On March 18, 2020, in connection with the 2020 Private Placement, the Company, HealthQuest, the EW Entities, and SEDCO entered into a registration rights agreement. The registration rights agreement provides, among other things, that certain holders of the Company’s capital stock have certain rights relating to the registration of shares of such capital stock.

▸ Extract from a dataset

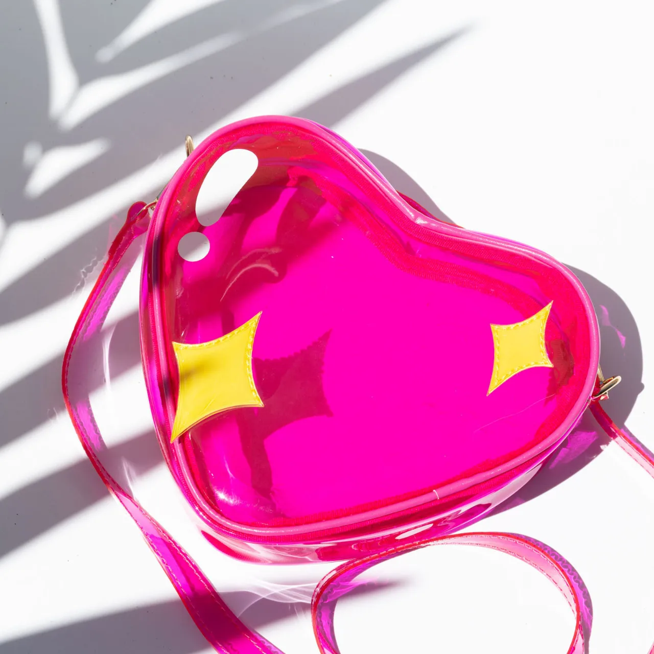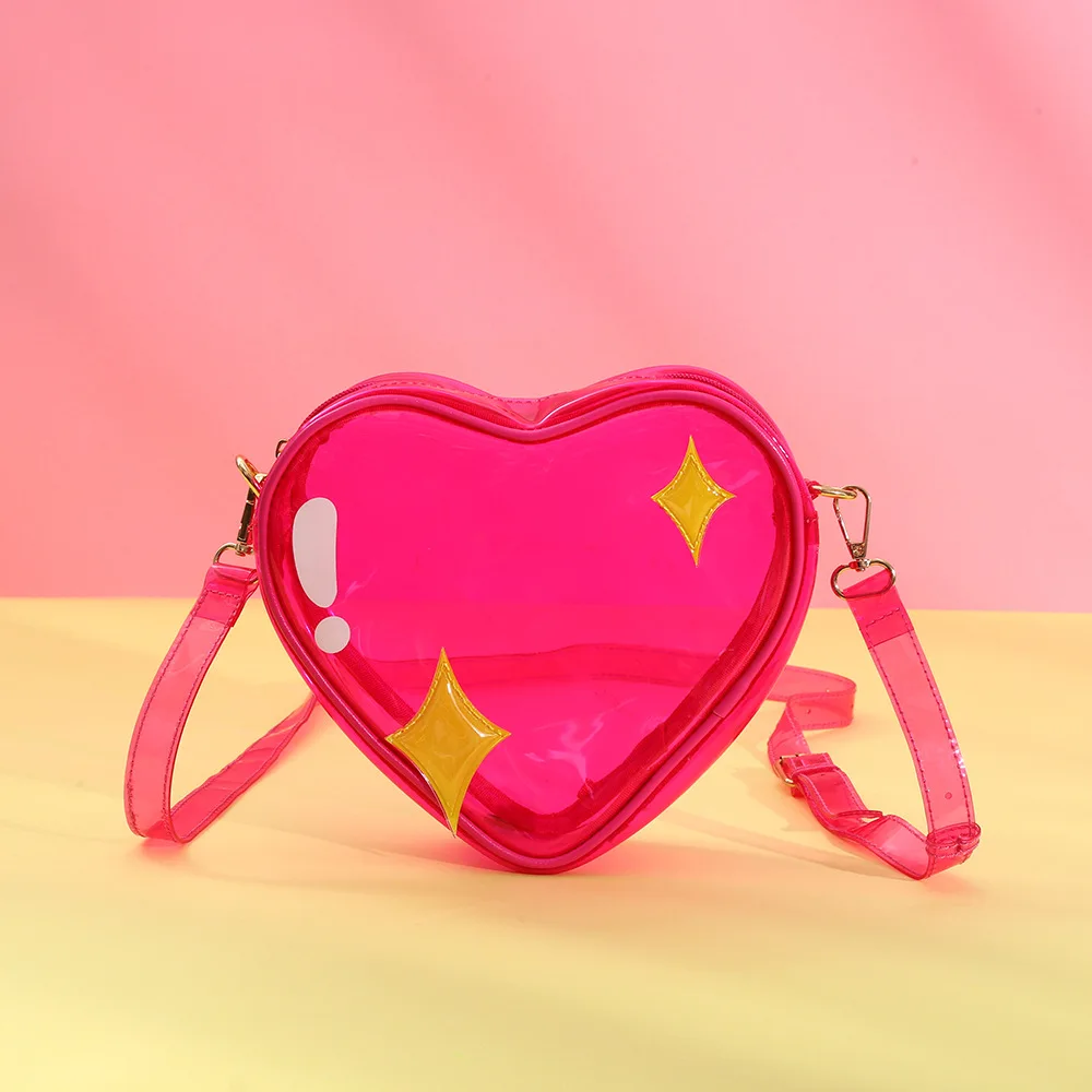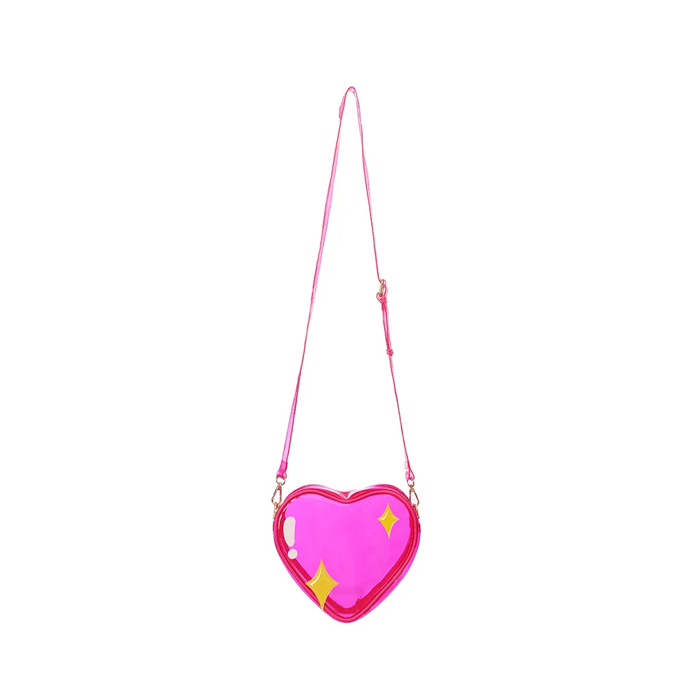 Custom Bag Factory Women Cute Clear PVC Heart Shape Shoulder Bags With Star Appliques for Concert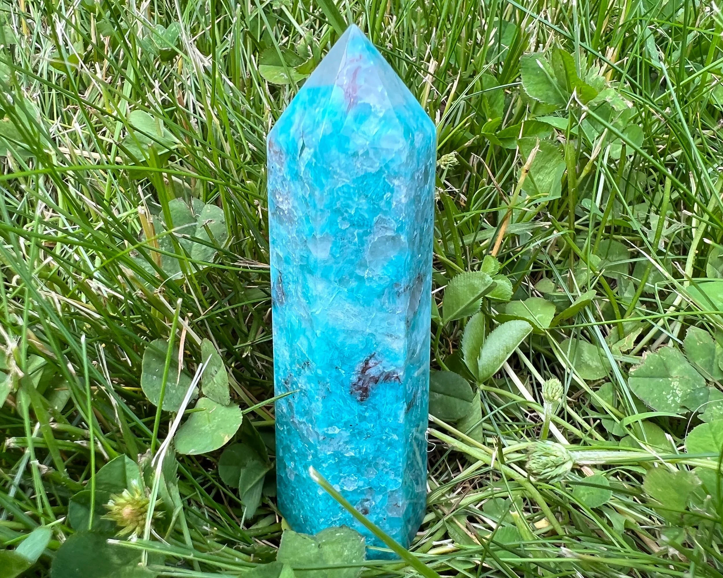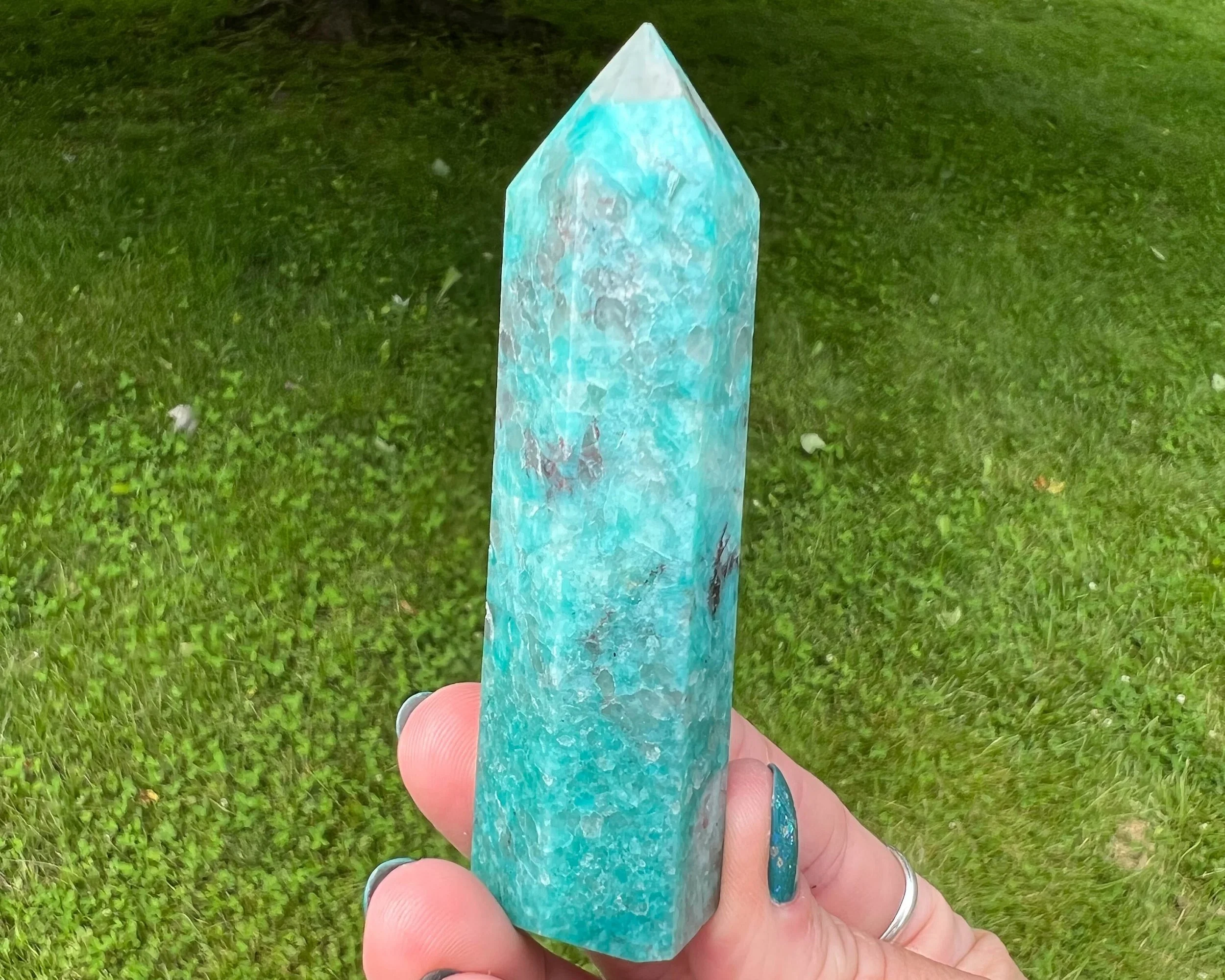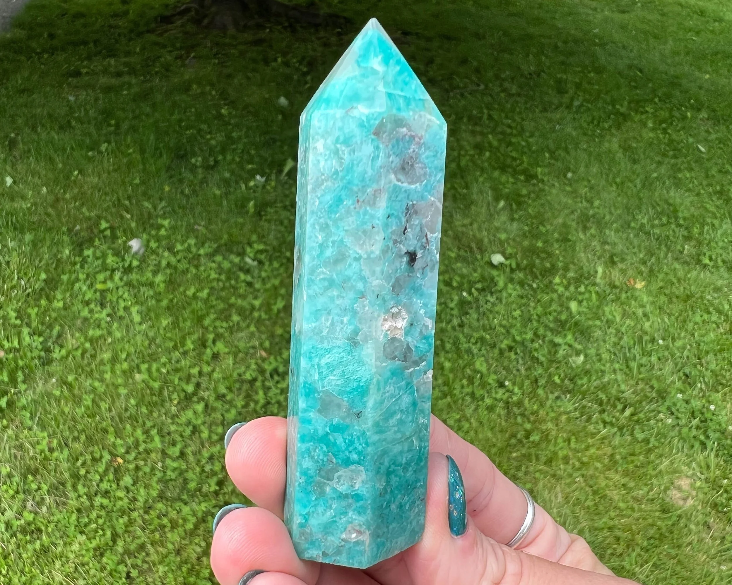 This is a beautiful self standing crystal tower of vibrant Amazonite with Smoky Quartz. It has bright blue greens Amazonite with light and dark gray translucent Smoky Quartz. There may be some other minerals in there in small amounts too. Very pretty polished, self standing crystal point. Bright and a little sparkly too.

Transactions with Our Chief Operating Officer
Søren Maor Sinay has been our Chief Operating Officer since the Merger and Venus Concept Ltd.’s Chief Operating Officer since September 2017. Mr. Sinay and our subsidiaries have entered into the following transactions:
Non-Interest Demand Loan to PT Neoasia Medical
On July 1, 2016, Mr. Sinay transferred 100% of his shares in Inphronics Limited to Venus Concept USA Inc., making it an indirect wholly owned subsidiary of Venus Concept Ltd. At such time, an unsecured non-interest-bearing working capital loan to PT Neoasia Medical, a subsidiary of Inphronics Limited, that was previously provided by Mr. Sinay was outstanding. As of December 31, 2020, the outstanding amount of the loan was Indonesian rupiah (“IDR”) 6.9 billion, which is equivalent to $495,000. In the fourth quarter of fiscal year 2020, Venus Concept Inc. disposed of its interest in Inphronics Limited and PT Neoasia Medical, thereby transferring the above-described loan to the third-party purchaser and extinguishing the debt with no further obligations on behalf of the Company. Mr. Sinay remains on the board of directors of Inphronics Limited and the commissioner of PT Neoasia Medical.
Declaration and Distribution of Dividends from Venus Concept Singapore Pte. Ltd.
On March 5, 2020, the Company’s board of directors approved declaration and distribution of dividends from Venus Concept Singapore Pte. Ltd. (“Venus Singapore”) in the amount of 400,000 Singapore dollars (“SDG”), which is equivalent to $289,000 USD. Mr. Sinay was an existing shareholder of Venus Singapore and therefore was entitled to receive a dividend distribution equal to forty-five percent (45%) of the total distribution, or $130,000.
Distribution Agreements
On January 1, 2018, Venus Concept Ltd. entered into a distribution agreement with Technicalbiomed Co., Ltd (“TBC”) pursuant to which TBC distributes our products in Thailand. Mr. Sinay is a 30% shareholder of TBC. For the years ended December 31, 2021 and 2020, TBC purchased products in the amount of $537,000 and $278,000, respectively, under this distribution agreement.
In the fourth quarter of fiscal year 2020, the Company disposed of its interest in Venus Singapore. Effective January 1, 2021, the Company entered into a distribution agreement with Aexel Biomed Pte Ltd. (“Aexel Biomed”), formerly Venus Singapore, pursuant to which Aexel Biomed distributes our products in Singapore. Mr. Sinay is a 45% shareholder of Aexel Biomed and is currently an officer of that company. In the year ended December 31, 2021, Aexel Biomed purchased products in the amount of $239,000 under the distribution agreement.
Family Relationships
Certain of Mr. Serafino’s family members receive compensation as employees or consultants of the Company, which compensation is not included in the following tables, as their employment is independent of Mr. Serafino’s position with the Company. Mr. Serafino’s spouse was employed by the Company until November 30, 2020 and became an independent contractor on December 1, 2020, providing services to the Company as needed. Mr. Serafino’s daughter was employed by the Company until July 15, 2021 and become an independent contractor on July 16, 2021. Neither she, nor Mr. Serafino’s spouse, were or are executive officers of the Company and each have aggregate annual compensation that does not exceed $120,000.
Mr. Serafino’s son-in-law, Luciano Lombardi, is employed by the Company as Area Sales Manager. His employment as a salaried employee, and not an executive officer, is independent of Mr. Serafino’s position with the Company. During 2021, Mr. Lombardi received base salary equal to approximately $77,250 CAD, commission and bonus equal to approximately $210,000 CAD and an auto allowance equal to approximately $7,000 CAD. Additionally, Mr. Lombardi participates in the Company’s Registered Retirement Savings Plan (Canada) program and in the Company’s employee benefits plan.
The equity holdings of these family members are reflected on the table included in the section titled “Security Ownership of Certain Beneficial Owners and Management” in this Proxy Statement.